The Basel based international agri-company announced in February that ChemChina had made an offer to acquire it. The agreement provides $465 per share along with a special dividend and keeps the company headquartered in Switzerland.
Syngenta’s management would continue to run the company, and ChemChina Chairman Ren Jianxin would become head of the board of directors, the company said. The proposed deal is still being examined by competition authorities in both the US and EU and the offer for shares has been extended to July 18.
However, the purchase offer also comes at a time when Syngenta is involved in an ongoing lawsuit in the US regarding the sale of genetically modified corn prior to approval in all foreign markets.
The lawsuit could influence the terms of the sale, purchase structure and future some future steps taken in the lawsuit, said Jennifer Carter-Johnson, assistant professor of law at Michigan State University.
“It will impact the litigation in some ways, but it wouldn’t stop the litigation,” she told FeedNavigator. “It will impact the strategy.”
Corn case details
The case against Syngenta was started in 2014 by Cargill and ADM alleging Syngenta’s sale of genetically modified corn seeds, MIR 162 or Viptera and Duracade, in the US led to millions in losses after China, which had not approved the corn variety, refused imports with the strain.
The litigation action subsequently widened to include corn producers, milo producers and non-producers.
Syngenta requested the lawsuit against it be thrown out, but, in September 2015, the case was allowed to move forward in the US District Court for the District of Kansas.
In November, the Swiss company brought a countersuit against members of the original lawsuit alleging the duty to isolate the corn fell to grain elevators, transporters and exporters but that case was dismissed this spring.
Lawsuit influence
The final structure of the deal, which looks at purchasing company stock, may be influenced by the lawsuit, said Carter-Johnson. “They’re negotiating that purchase agreement right now, and a lot of it will depend on the final details and what the resulting company looks like at that point,” she added.
“The thing they could have done was an asset purchase, rather than a stock purchase, which would have given them the most protection,” she said. “With a stock purchase, I would say keeping Syngenta as its own cooperate entity and a subsidiary, rather than doing a full merger with a goal that they can show it is its own company [makes sense.]”
It is possible that the Chinese company could eventually be named in the ongoing biotech corn lawsuit once the final details are made and as the purchase looks to be completed, she said.

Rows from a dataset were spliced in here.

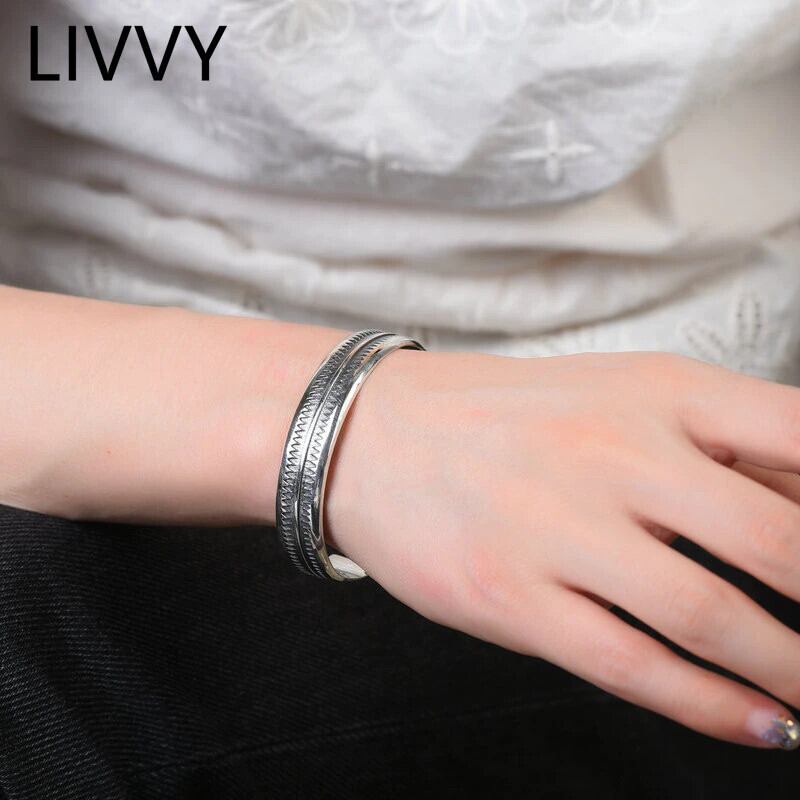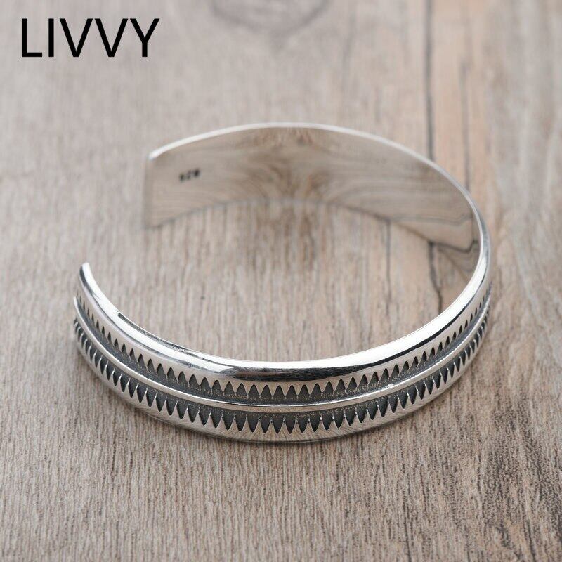 タイシルバーカラー鋸歯状インディアンオープニングブレスレットレディースメンズレトロ気質シンプルジュエリー 銀 Liv30433821271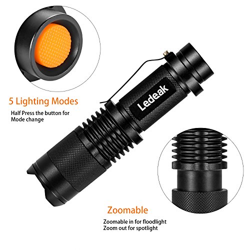 Torcia elettrica eccellente LED, lampada LED Ledeak Cree XM-L2 LED 800 Lumens Zoomable tattica IPX6 impermeabile torcia elettrica di 5 modi per uso domestico Camping Escursionismo Emergenza Ciclismo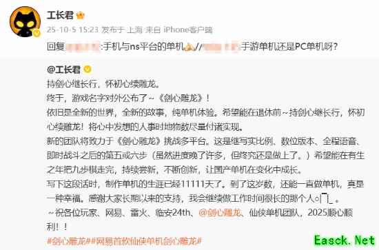随时随地玩!工长君再确认网易首款仙侠单机《剑心雕龙》登录平台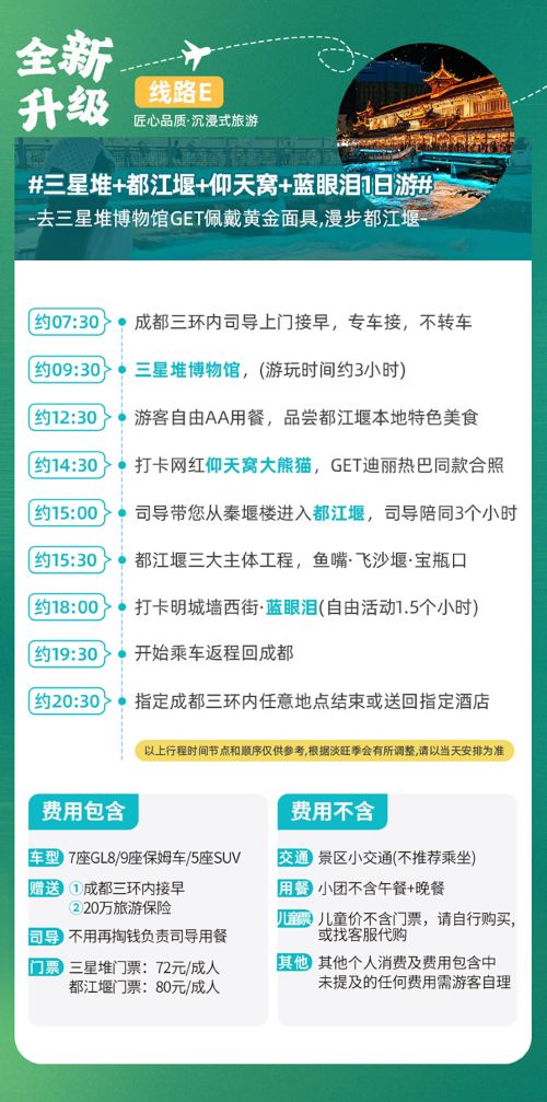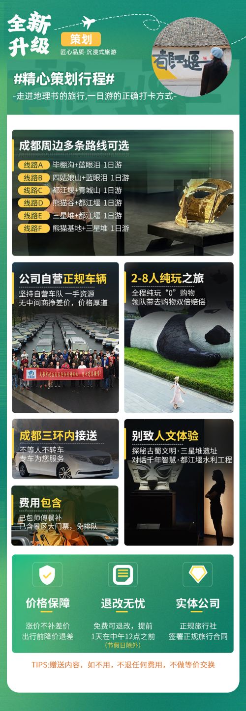 我们是成都本地实力旅行社(总社),深耕本地旅游市场十余载,公司自有正规营运车辆,车辆统一经营管理,拒绝转包和外调,核心一手资源,无中间商赚差价,所有车辆均为1-5年以内新车出行,本产品由自家直接发团,1人即可报名,2人以上保证正常发团,拒绝卖团转包,自家发团,服务质量jue对有保障!

At that point, there could be a move by plaintiff attorneys to bring in ChemChina.
“More than likely they’ll try to bring them in to have more people to shoot darts at,” said Carter-Johnson. “Especially if the acquiring company made attempts to separate out some of the assets so there wouldn’t be such deep pockets if Syngenta loses.”
It also is possible that the lawsuit could have supported some interest in the sale, she said. “ [However,] the ag industry is so prone to consolidation right now that it seems that it is another step that was probably going to happen regardless,” she added.
Additionally, there is a possibility that the new owners could seek to settle the lawsuit once the purchase is completed, she said.
“Whether you litigate or settle, from a business perspective, is almost always a question of money,” she said. “Will it cost more to litigate? Will it cost more to settle? And, if you lose this, will it change the way you do business?”